Just to cheer you up and make you feel better.... It's GREAT that the customer thinks that you are 8 months along or with twins!!!! It means that your bump is showing so much BECAUSE YOU'VE LOST WEIGHT!!! Because you haven't had the 'ususal' pregnancy weight gains (that most women seem to get), your bump looks bigger with less fat around it!!!

And of course you waddle - YOU'RE PREGNANT!!!! If they choose to comment on your walk next time - offer to shove a bowling ball up whatever orifice you choose - and let's see how they walk!!!

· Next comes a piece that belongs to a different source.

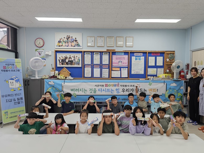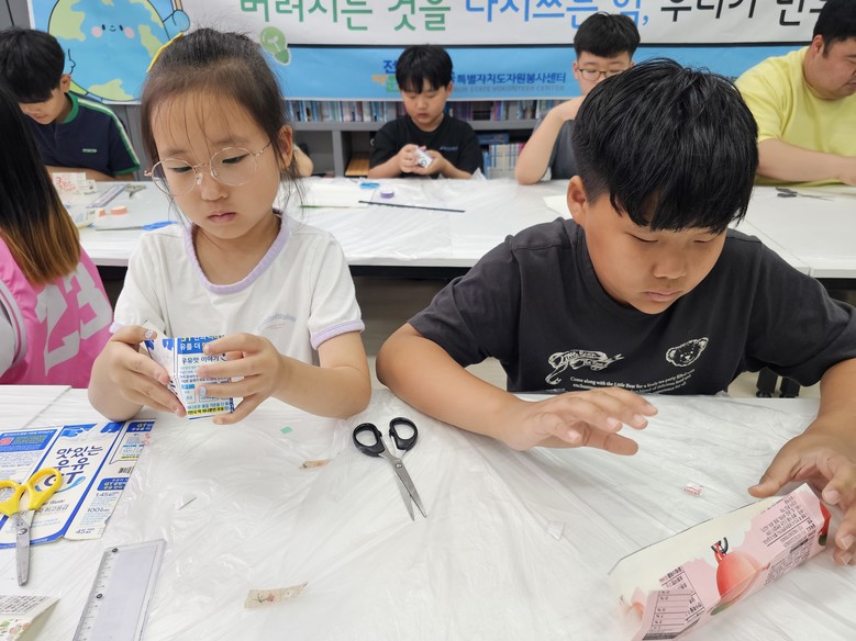 이번 활동은 (사)전북특별자치도자원봉사센터의 지역밀착형 우수 프로그램 공모사업의 일환으로, 환경 보호, 자원순환 실천과 이웃과의 정서적 나눔을 목적으로 기획되었으며, 자원순환의 중요성과 작은 실천의 의미를 배우는 환경교육으로 시작해 수거한 우유팩을 깨끗이 세척·건조하여 필통과 지갑 120세트를 만드는 실습까지 진행했다.

ENJOY THE REST OF YOUR PREGNANCY!!!!
 
Dear Charlie... Yes you are my little brother, and I do love and adore you, but please refrain from dating my friends... I am now having to pick up the pieces of my best friends heart, because stupidly she fell in love with you hook line and sinker... I tried to warn her, I really did, I know that you will never settle down again after the mess 'she who will not be named' and you went through... I have lost count since you grew in to the handsome hunk you did, that I have been in this position... Please stop dating my friends... Thank you... Much love Sis... xx

Sent from my HTC Wildfire using MiniMins
 
Dear OH,

Why oh why can't you, just for once, come back from the pub vaguely when you say you're going to. It wouldn't be so bad if it weren't for the fact that

a) YOU were the one who said what time you'd be home - I didn't ask / tell you to be back a certain time.

b) You'll come back and be all defensive about it before I even open my mouth rather than just apologise and admit you lost track of time

c) its me that'll have to listen to you moaning about Monday morning with a hangover in the morning.